» **WHAT TO WORK ON**: An exact transcript is required of the lines below, from the one containing "98㎡的3房2厅2卫,1栋1" through the very last; leave every picture out of it.

» **MATERIAL FOR THIS TASK**:
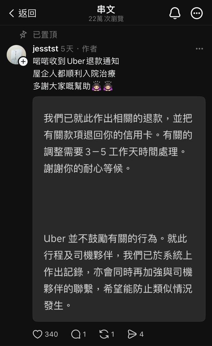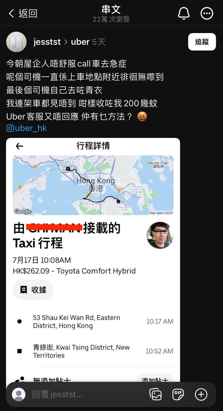 有網民在Threads分享早前電召Uber的不快經歷,帖文得到22萬次瀏覽、1097次讚好及387個轉寄。
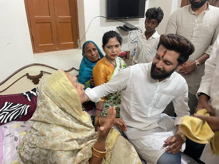 Chirag Paswan, who arrived via helicopter, inquired about her health and the recent disturbing incident involving the locking of her bedroom and bathroom, along with her belongings being thrown out of the ancestral home.
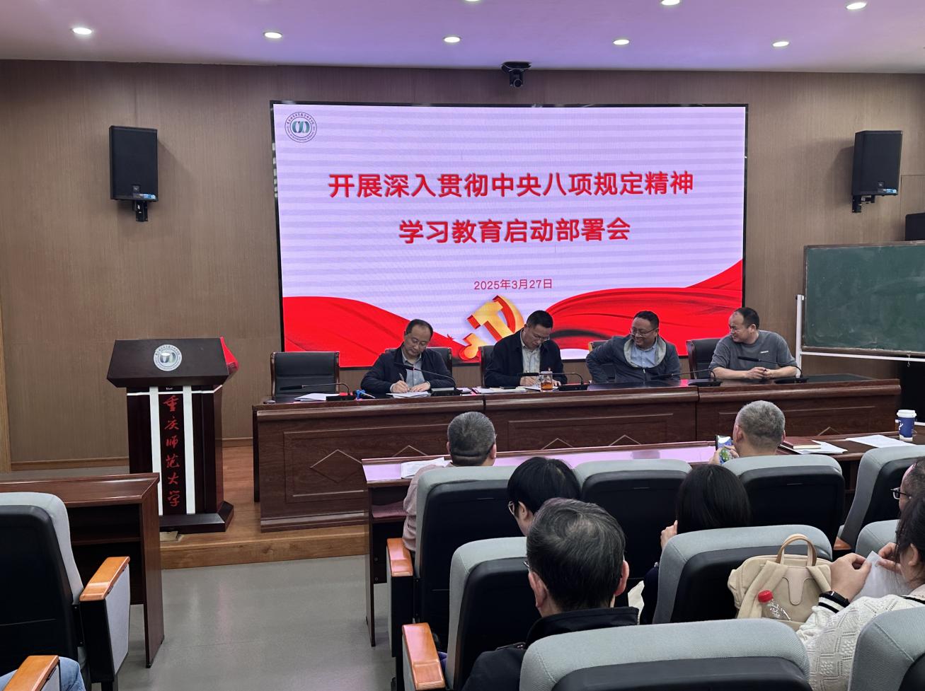 3月27日,PA视讯官网在汇贤楼122报告厅召开全面从严治党工作会议。学院党委副书记、院长赵克全主持会议,党委书记杨江水作总结讲话,全体教职工参加会议。
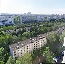L'énorme espace compris entre l'ancienne muraille de terre et la rocade MKAD a été progressivement occupé dans le cadre d'une gigantesque plan d'expansion de Moscou lancé par Staline dans les années 1930 mais dont la réalisation n'a véritablement démarré qu'au début des années 1960. D'anciens villages ont été remplacés par des quartiers d'immeubles collectifs initialement relativement bas (quatre à cinq étages) pour ne pas avoir à installer d’ascenseurs. Aujourd'hui ces cités sont constituées de barres de 12 à 18 étages et longues de plusieurs centaines de mètres comportant des établissements scolaires mais souvent mal desservis dans le domaine des transports et des commerces. Cette partie de Moscou accueille la plus grande partie de la population moscovite. De nombreuses zones naturelles, constituées de parcs, lacs et forêts ont été préservés entre les différents ensembles et constituent une des caractéristiques les plus frappantes de Moscou. Le développement de la circulation automobile dans les années 1990 a conduit à la construction de grands centres commerciaux au niveau des échangeurs situés aux intersections entre le MKAD et les grands axes routiers rayonnant depuis le centre de la capitale. L'urbanisation s'est étendue au-delà de cette rocade dès les années 1970[10].
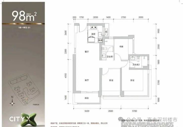 98㎡的3房2厅2卫,1栋1单元01户型,设计的是经典竖厅格局,进门入户玄关,客厅3.6米开间,LDKB一体化设计,动静分区,3个卧室分别做到了主卧14.3㎡/次卧10.36㎡/次卧6.75㎡(包含墙体飘窗),U型厨房,公卫三段式分离,得房率约75.4%(不含赠送),东北朝向。套内面积73.89㎡+赠送面积10.05㎡=实得83.94㎡,加上赠送后得房率约85.65%。还未推售
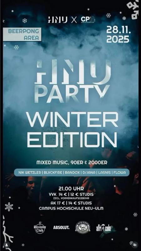 Freut euch auf eine Nacht voller Musik & bester Vibes – direkt an der Hochschule Neu-Ulm! 🎧💃

» **RESPONSE TO THIS EXERCISE**:
 98㎡的3房2厅2卫,1栋1单元01户型,设计的是经典竖厅格局,进门入户玄关,客厅3.6米开间,LDKB一体化设计,动静分区,3个卧室分别做到了主卧14.3㎡/次卧10.36㎡/次卧6.75㎡(包含墙体飘窗),U型厨房,公卫三段式分离,得房率约75.4%(不含赠送),东北朝向。套内面积73.89㎡+赠送面积10.05㎡=实得83.94㎡,加上赠送后得房率约85.65%。还未推售
 Freut euch auf eine Nacht voller Musik & bester Vibes – direkt an der Hochschule Neu-Ulm! 🎧💃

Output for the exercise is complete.